Maritime Commissioners Defend Ocean Carrier Alliance System
In testimony yesterday before a United States Senate subcommittee, federal maritime commissioners defended the ocean carrier alliance system and the agency’s role in regulating competition among ocean carriers.
The Federal Maritime Commission‘s acting chairman also noted that according to established criteria, the ocean shipping industry is not considered to be concentrated.
This, despite the fact that the number of major container carriers has dropped in recent years from 20 to 13, thanks to mergers, and the fact that the container shipping industry is now organized into three major alliances, Ocean Alliance, THE Alliance, and 2M. Alliances are essentially vessel-sharing agreements that also allow carriers to share information regarding their joint activities.
What will be the impact of the second generation of alliances? “I believe it will be in cost savings and efficiencies,” said Mario Cordero, the former commission chair who recently resigned to head the port of Long Beach.
But the information sharing and joint contracting that has come with the new generation of alliances does raise “serious concerns by stakeholders in the shipping community because of the potential for anticompetitive behavior.”
“Alliances are not permanent mergers like those reviewed by DOJ,” noted FMC chair Michael Khoury, “but are much more dynamic arrangements that…preserve price and service competition between and among participants.
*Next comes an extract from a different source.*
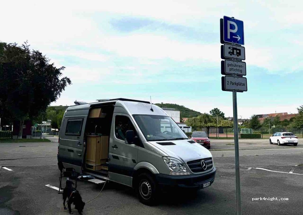 This is the car park at the Kaiserstuhlhalle in Ihringen. The municipality of Ihringen provides two spaces here. In the middle of the wine-growing town, you can enjoy short walks to inns and wineries. A public toilet is located right next to the parking space.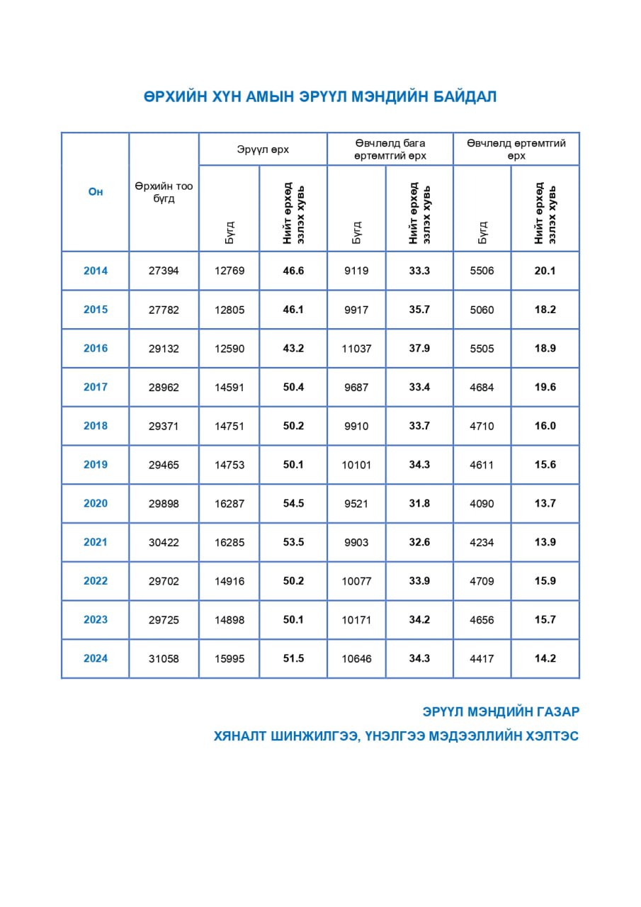 | 13 | Өрхийн хүн амын эрүүл мэндийн байдал | 2014-2024 |

The ocean common carrier members of the alliance do obtain efficiencies and cost-savings that have historically been passed on to domestic consumers especially when healthy competition exists among vessel operators.”
According to Khoury, ocean carriers within each alliance continue to compete on pricing. They also add and withdraw vessels from trades which demonstrates “that competition remains in both vessel capacity decisions and pricing decisions within the alliances.”
As far industry concentration, it remains well below the level that would raise alarms in the Justics Department’s Antitrust Division. According to Khoury, the division uses the Herfindahl-Herschman Index (HHI) to assess industry concentration. DOJ’s merger guidelines regards markets as not concentrated if the HHI is below 1,500. Following the latest merger, the HHI for the container shipping industry in the international US trades today is 752.
Khoury credits the alliance structure with facilitating “the survival of independent companies, preserving competition, and averting further industry concentration.” “The interests of the American shipping public and the American consumer will not be well served,” he noted, “if carrier consolidations ultimately result in only a handful of mega-carriers remaining to transporting the nation’s cargo.”